THE INPUT Block Start

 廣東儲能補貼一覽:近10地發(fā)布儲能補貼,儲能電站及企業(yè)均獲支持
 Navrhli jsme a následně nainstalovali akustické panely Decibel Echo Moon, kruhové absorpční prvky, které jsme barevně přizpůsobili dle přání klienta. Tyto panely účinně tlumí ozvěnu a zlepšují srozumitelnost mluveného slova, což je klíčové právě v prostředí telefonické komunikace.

THE INPUT Block End
THE INPUT Block Start

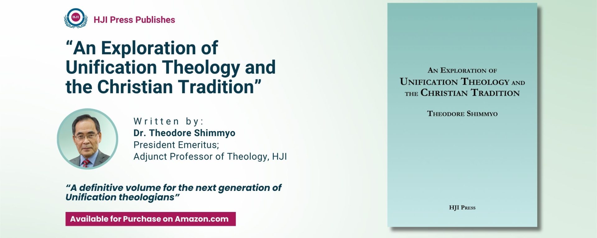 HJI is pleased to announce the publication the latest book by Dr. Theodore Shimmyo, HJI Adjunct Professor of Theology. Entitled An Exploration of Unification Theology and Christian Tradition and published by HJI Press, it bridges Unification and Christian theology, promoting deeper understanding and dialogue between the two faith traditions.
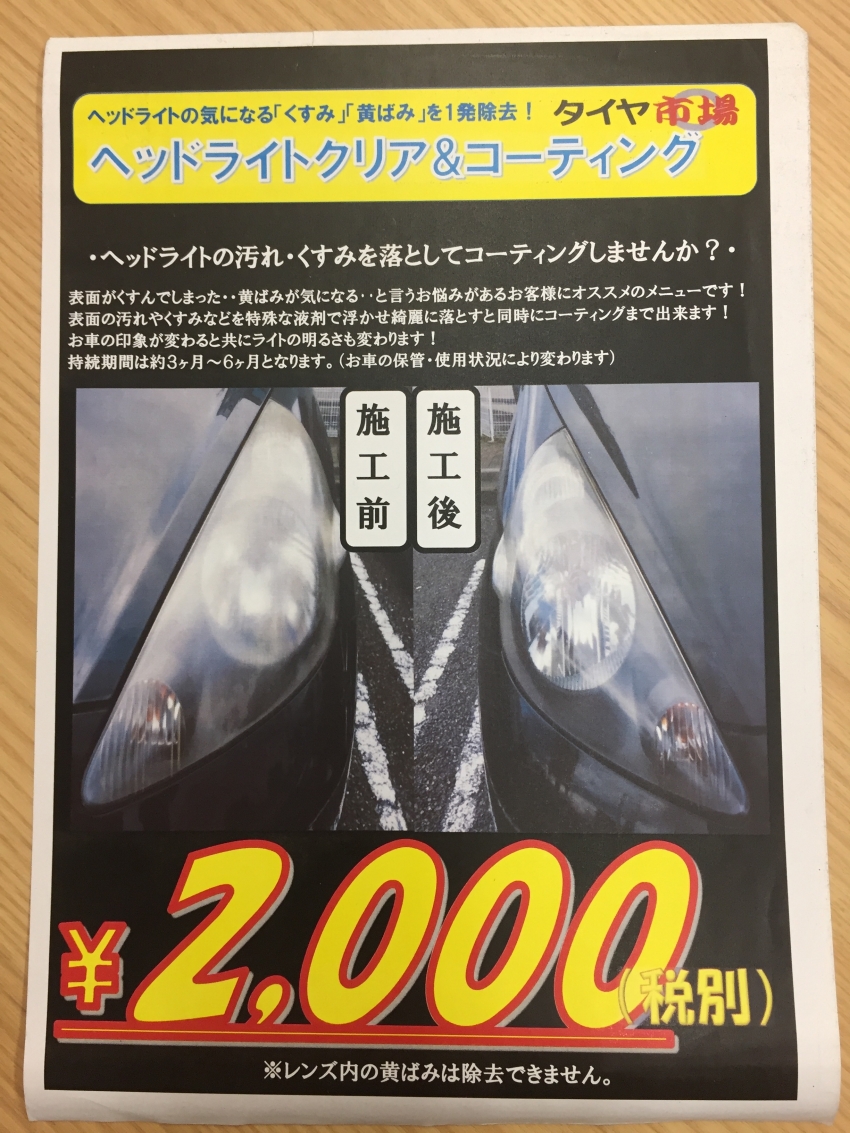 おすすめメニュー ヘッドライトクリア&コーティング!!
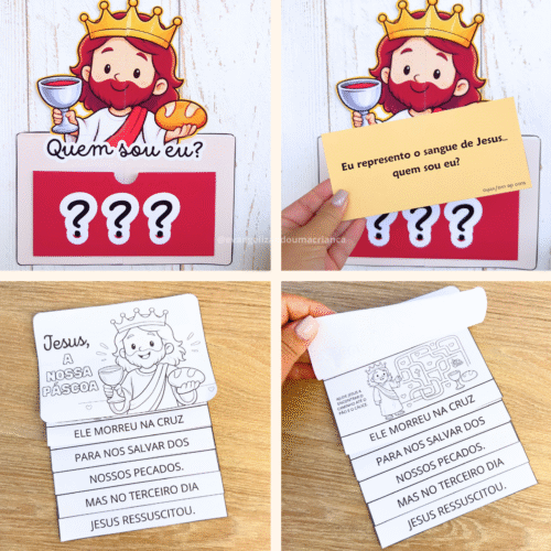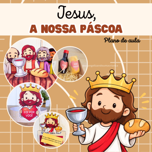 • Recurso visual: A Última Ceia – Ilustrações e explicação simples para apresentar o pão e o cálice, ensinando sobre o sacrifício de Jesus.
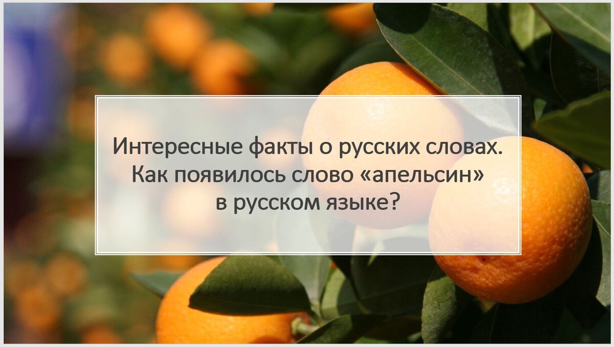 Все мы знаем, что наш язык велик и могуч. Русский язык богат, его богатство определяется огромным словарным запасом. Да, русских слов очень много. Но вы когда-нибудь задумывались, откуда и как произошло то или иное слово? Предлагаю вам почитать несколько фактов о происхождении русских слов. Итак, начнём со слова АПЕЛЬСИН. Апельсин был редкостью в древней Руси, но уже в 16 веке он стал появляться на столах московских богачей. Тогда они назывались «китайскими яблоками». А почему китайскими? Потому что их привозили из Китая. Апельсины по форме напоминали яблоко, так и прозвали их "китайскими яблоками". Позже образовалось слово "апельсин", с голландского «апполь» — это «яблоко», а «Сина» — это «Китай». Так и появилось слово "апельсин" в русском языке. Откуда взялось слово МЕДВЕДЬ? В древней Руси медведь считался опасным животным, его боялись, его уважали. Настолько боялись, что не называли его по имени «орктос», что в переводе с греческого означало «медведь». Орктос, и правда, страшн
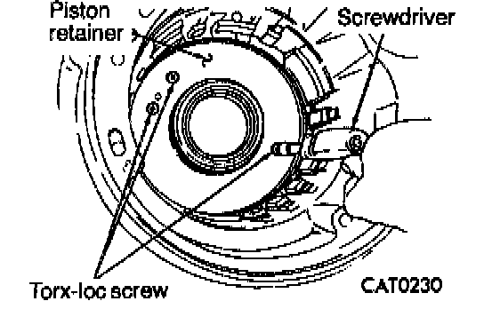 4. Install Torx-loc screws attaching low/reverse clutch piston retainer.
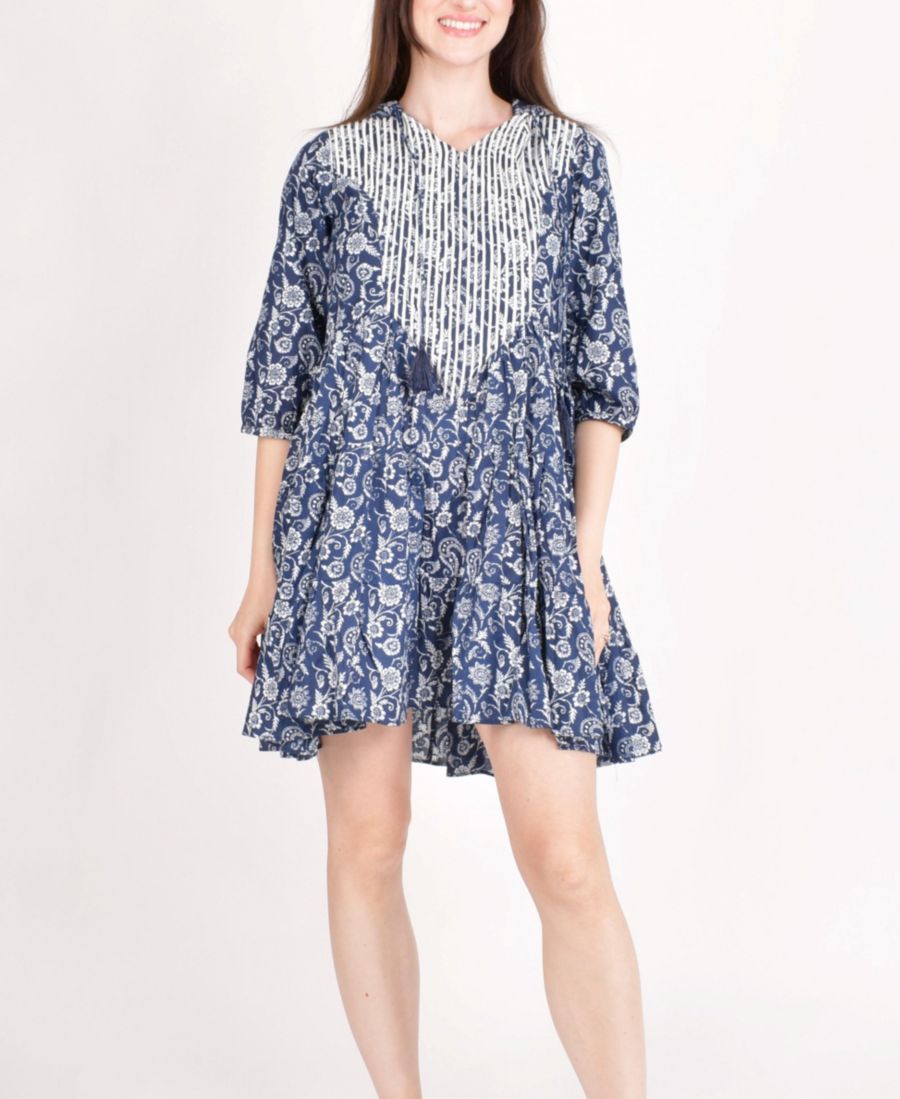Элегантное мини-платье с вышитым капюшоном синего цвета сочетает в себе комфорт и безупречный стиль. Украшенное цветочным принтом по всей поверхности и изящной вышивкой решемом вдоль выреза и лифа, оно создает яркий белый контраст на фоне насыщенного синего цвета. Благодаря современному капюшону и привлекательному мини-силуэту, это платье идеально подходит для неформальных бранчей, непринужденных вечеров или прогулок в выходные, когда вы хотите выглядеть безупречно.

THE INPUT Block End

The response must hold only the lines above from the line with "廣東儲能補貼一覽:近10地發(fā)布儲能補貼,儲能電站及企業(yè)均獲支持" through the line with "Navrhli jsme a", each copied exactly, both ends kept.

- SOLUTION
 廣東儲能補貼一覽:近10地發(fā)布儲能補貼,儲能電站及企業(yè)均獲支持
 Navrhli jsme a následně nainstalovali akustické panely Decibel Echo Moon, kruhové absorpční prvky, které jsme barevně přizpůsobili dle přání klienta. Tyto panely účinně tlumí ozvěnu a zlepšují srozumitelnost mluveného slova, což je klíčové právě v prostředí telefonické komunikace.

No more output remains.